> _Exercise instructions_: Go to the line with "天然ブナ材のシェードがやさし" in the records below, then output it and each following line exactly, up to and including the line with "Uninhibited art is". Skip pictures and add nothing.

> _Records for this task_:
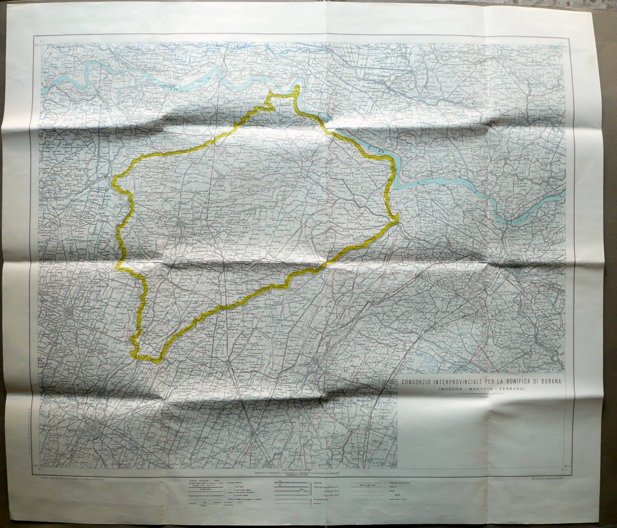 Carta topografica a colori, Consorzio Interprovinciale per la Bonifica di Burana (Modena - Mantova - Ferrara) Grande carta topografica con dettagli a colori Scala 1:100000 Litografia Artistica Cartografica, Firenze, s. d.; grande carta topografica a stampa con dettagli a colori; legenda al margine inf. Cm 68,5x78. Condizioni di conservazione Esemplare ben conservato con leggere tracce d'uso. SC03.D12799 N bis
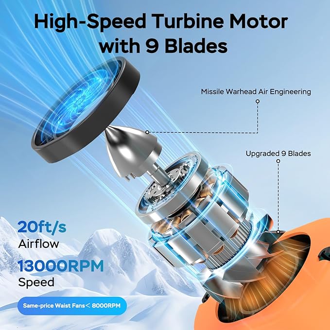 - 【Cool Off in Seconds】- This latest hands-free belt fan adopted the High-Speed Turbine Motor and Patented Missile Warhead Shape Air Engineering with 9 blades. It spins at robust speeds from 6100 to 13000 RPM (4 speeds) and generates airflow up to 20 ft/s, moving an immense volume of air and removing sweat and heat in seconds. A summer essential for outdoor workers: construction workers, gardeners, couriers, athletes, rooftop installers, farmers, hikers, campers, police
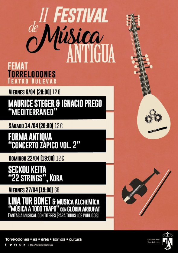 Durante el próximo mes de abril, Torrelodones celebra en el Teatro Bulevar la segunda edición del Festival de Música Antigua de Torrelodones [FEMAT]. La presente edición abre sus puertas a dos de los artistas internacionales mas importantes del momento, el flautista suizo Maurice Steger, que ofrecerá un concierto a dúo con el clavecinista Ignacio Prego, y el senegalés Seckou Keita, uno de los intérpretes de referencia de la kora. Con éste último concierto, el FEMAT materializa su intención de expandir el concepto de música antigua a otras culturas y tradiciones ancestrales, algo que ha estado presente desde su nacimiento. El festival continúa además su firme apuesta por artistas españoles de referencia internacional, contando en esta ocasión con la formación Forma Antiqva, que presenta su nuevo proyecto Concerto Zapico Vol. 2. Dos semanas mas tarde sera el turno de Música Alchémica, liderada por la violinista ibicenca Lina Tur Bonet, que junto a la artista Glória Arrufat, presentarán Música a todo trapo, una fantasía musical con espectáculo de títeres y sombras orientada a los mas pequeños. El FEMAT, una firme apuesta de la Concejalía de Cultura del Ayuntamiento de Torrelodones, aspira a convertirse con esta excelente programación, y tras el paso en 2017 de artistas de la talla de Fahmi Alqhai, o los grupos La Ritirata, Los Afectos Diversos y Tiento Nuovo, 'en uno de los festivales mas importantes de la Comunidad de Madrid, en palabras de su director artístico, Ignacio Prego.
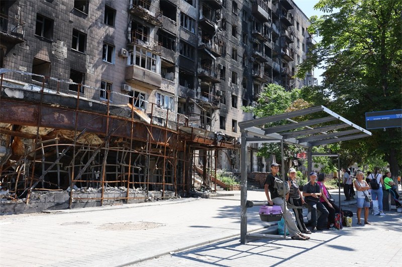 Moradores locais esperam o ?nibus perto de prédios da cidade danificados em Mariupol no dia 15 de julho de 2022.
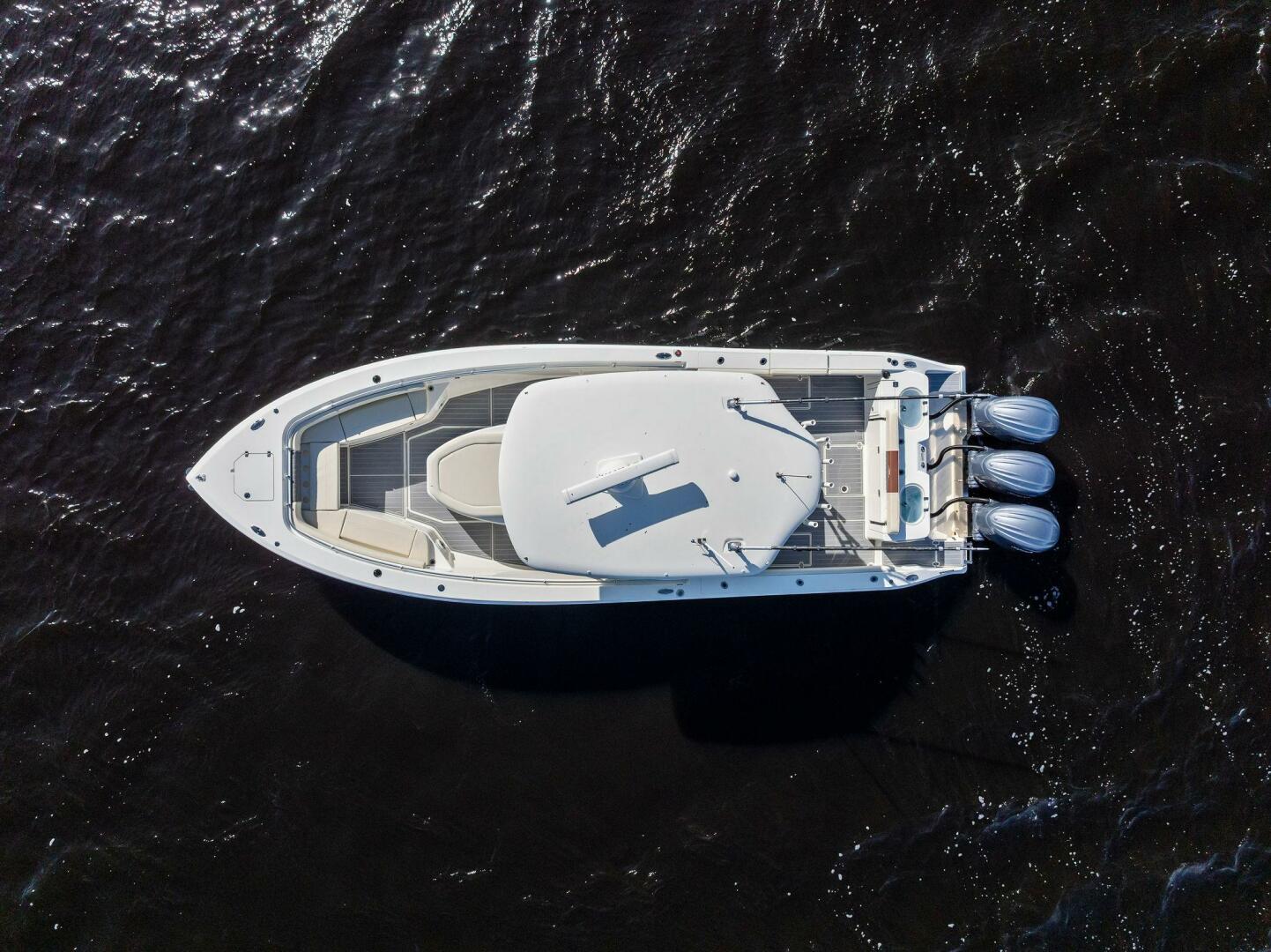 Under the hood, the 350 CC is often powered by triple Yamaha F300 outboard engines, for a combined total of 900 horsepower. This powertrain gives it serious performance: according to listings, it can hit a top speed around 53 knots. The fuel capacity is large—320 gallons—supporting long-range runs.
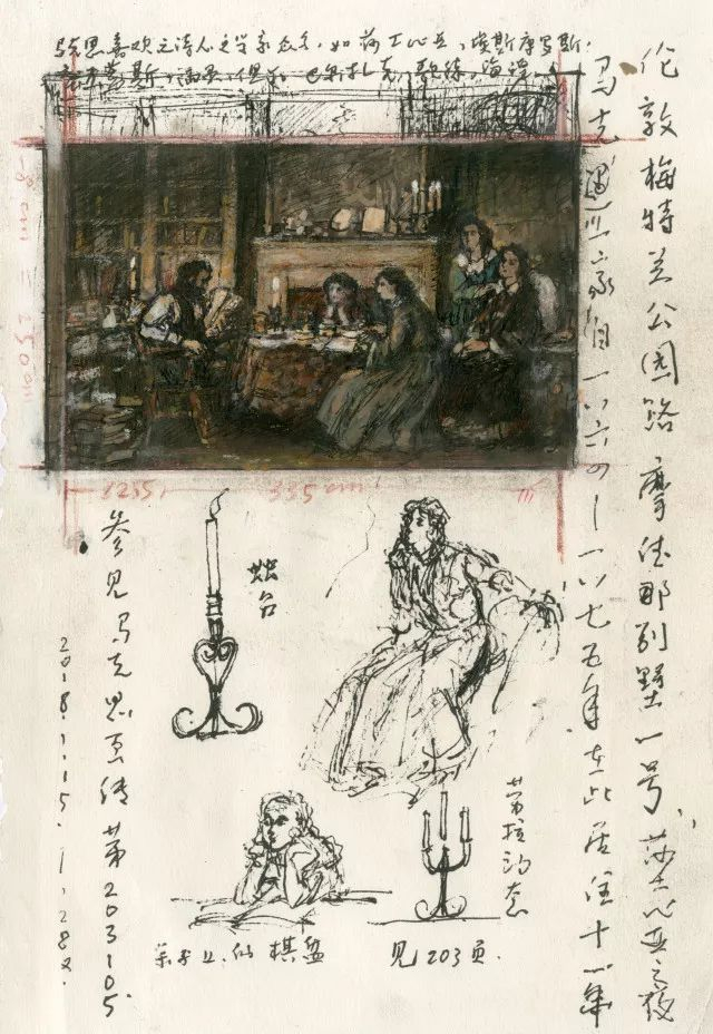 经过一番苦苦琢磨,我还是重新找回了1月15号开始做的第一个小构图(图18)——第一次的直觉,往往就是连结终点的最初灵感所在!这个环境更有一种学者之家的氛围,满房间都是书籍,而且这个可以作为背景环境的资料照片也非常详实。在那个巴掌大小的纸片上我有琢磨了一个星期,宏观的看,人物在画面中的比例比较适中。但进展非常慢,手术后的那段时间,我的眼睛有些障碍,正所谓:难能“应目存心”,更难“得心应手”。这个小构图我一直磨蹭到2月28号。
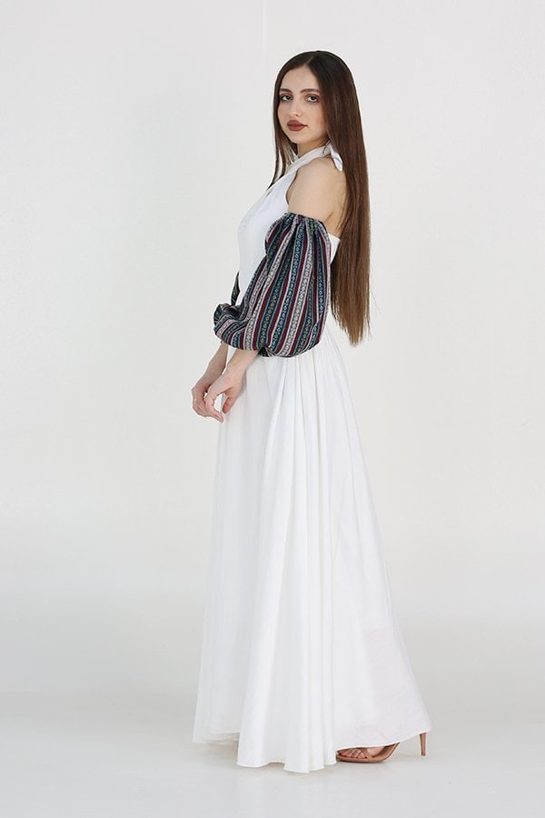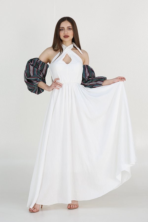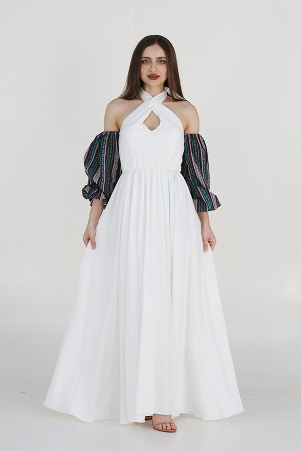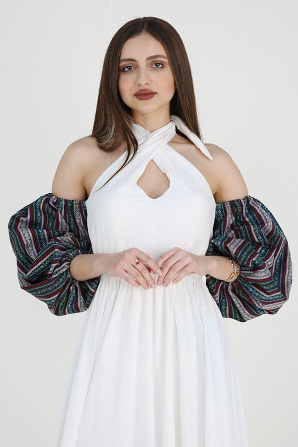 جلابية إماراتية نسائي بأكمام أكتاف مكشوفة هي قطعة فاخرة تجمع بين الأناقة العصرية والتراث الثقافي الهندي بطريقة مميزة. الأكمام المشجرة تضفي لمسة فنية رائعة على التصميم، بينما الخصر المزموم يبرز القوام بشكل أنثوي وجذاب. هذه الجلابية تتميز بتفاصيل دقيقة وأنيقة، تجعل منها الخيار المثالي لإطلالة فاخرة في المناسبات الخاصة والأحداث الاجتماعية.
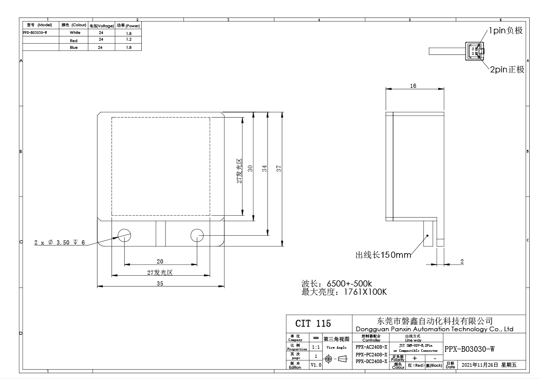 PPX 磐鑫 PPX-BO3030 底部背光源 应用范围 五金 塑胶零件尺寸测量/有无筛选/透明膜 污点破损检测/液晶屏定位测量 产品特点 采用贴片灯珠高密度均匀排列 均匀发光 底部满布灯珠 亮度高 采用进口漫射板 保证最高发光均匀度 光源电源线采用定制设计的出线卡扣 提高光源抗拉扯 耐摇摆性能10倍以上 技术指标 手机/微信:13682357734 电话:0755-84690029 QQ: 2844337877 邮箱:2844337877@qq.com...
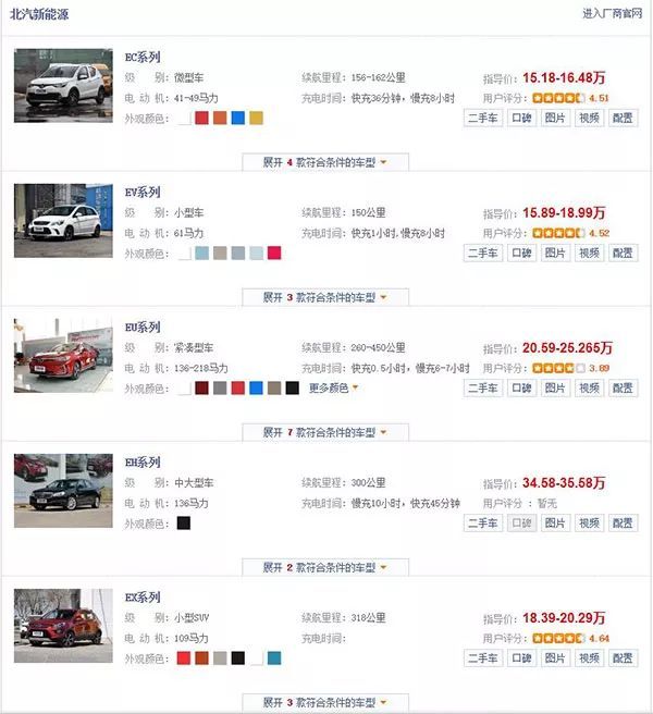 目前國內(nèi)純電動車型最多的是北汽新能源,產(chǎn)品有五大系列,從A00到B級車都有,也包含了兩廂車、轎車和SUV,雖然很多車型在新車型出來之后已經(jīng)退出,但是定價(jià)時(shí)難免同門相爭。EC系列和EV系列都是兩廂車,甚至和EX系列差別都不大。
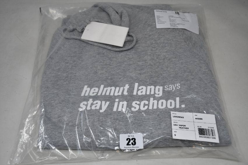 An as new Helmut Lang "Says Stay in School" hoodie in grey (S).
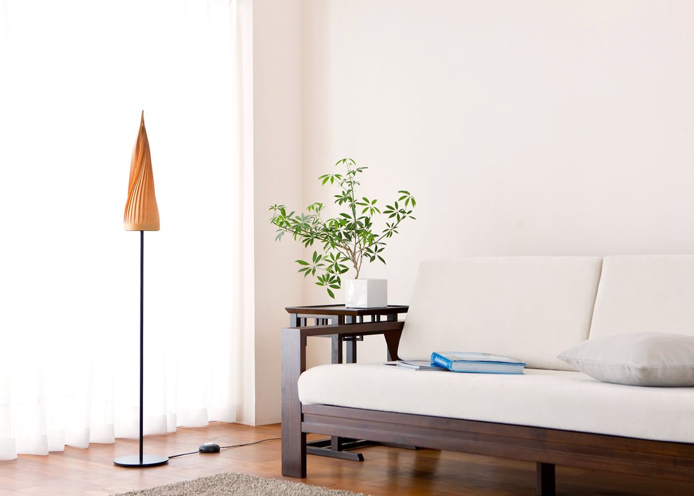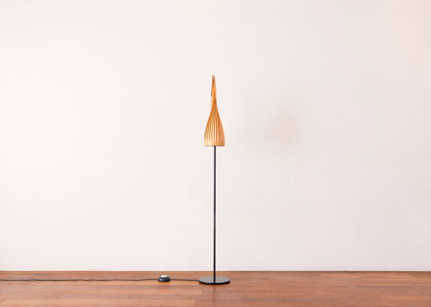 天然ブナ材のシェードがやさしい光を灯すフロアーランプkomorebi fsi-1。スライスしたブナを透過して放たれる光は温かく、木肌の隙間から覗くようにやさしく洩れてくる光はまるで木漏れ日のようです。
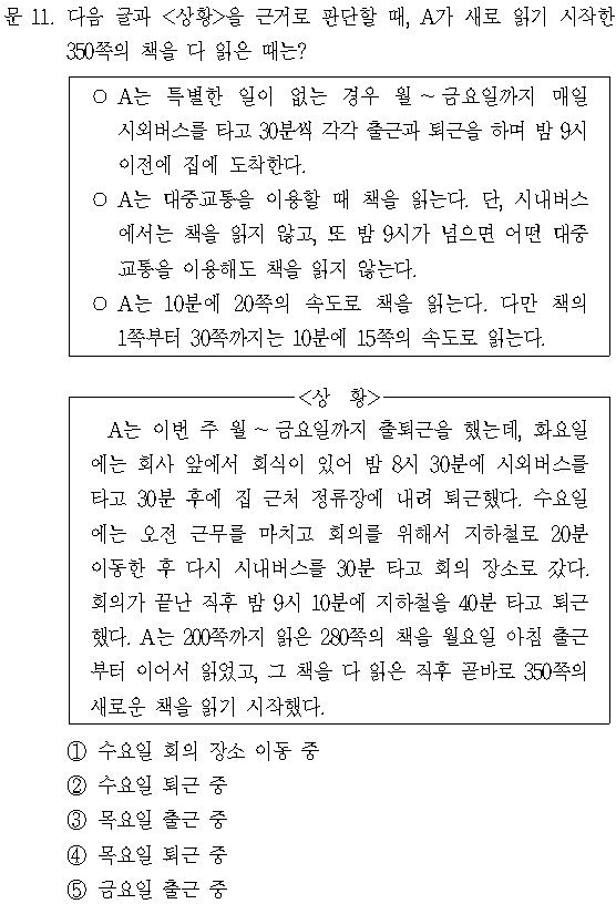 출근을 하면서 시외버스를 30분 동안 타고, 새로 읽기 시작한 350쪽의 책에서 151쪽부터 210쪽까지 읽는다. 오전 근무를 마치고 회의를 위해서 지하철로 20분 이동하고, 새로 읽기 시작한 350쪽의 책에서 211쪽부터 250쪽까지 읽는다. 지하철로 이동한 후 30분 간 시내버스를 탈 때는 책을 읽지 않는다(시외버스가 아니고 시내버스임에 유의). 또한, 퇴근이 밤 9시 10분 이후에 이뤄졌으므로 퇴근 시의 지하철 40분 동안에도 책을 읽지 않는다.
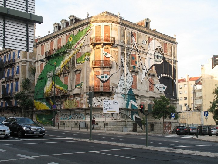 Uninhibited art is everywhere in Lisbon, like here, turning a derelict building into a statement. I don’t know what it’s trying to say, though.
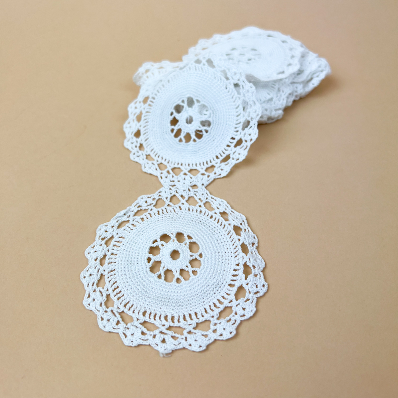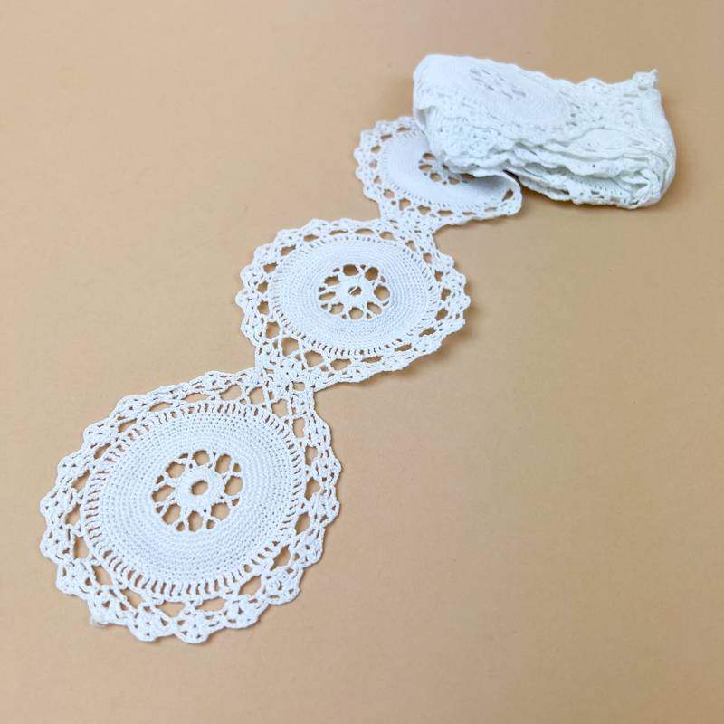 Fin vintage blonde i hvid med runde hæklede motiver og dekorativ kant.

> _Task result_:
 天然ブナ材のシェードがやさしい光を灯すフロアーランプkomorebi fsi-1。スライスしたブナを透過して放たれる光は温かく、木肌の隙間から覗くようにやさしく洩れてくる光はまるで木漏れ日のようです。
 출근을 하면서 시외버스를 30분 동안 타고, 새로 읽기 시작한 350쪽의 책에서 151쪽부터 210쪽까지 읽는다. 오전 근무를 마치고 회의를 위해서 지하철로 20분 이동하고, 새로 읽기 시작한 350쪽의 책에서 211쪽부터 250쪽까지 읽는다. 지하철로 이동한 후 30분 간 시내버스를 탈 때는 책을 읽지 않는다(시외버스가 아니고 시내버스임에 유의). 또한, 퇴근이 밤 9시 10분 이후에 이뤄졌으므로 퇴근 시의 지하철 40분 동안에도 책을 읽지 않는다.
 Uninhibited art is everywhere in Lisbon, like here, turning a derelict building into a statement. I don’t know what it’s trying to say, though.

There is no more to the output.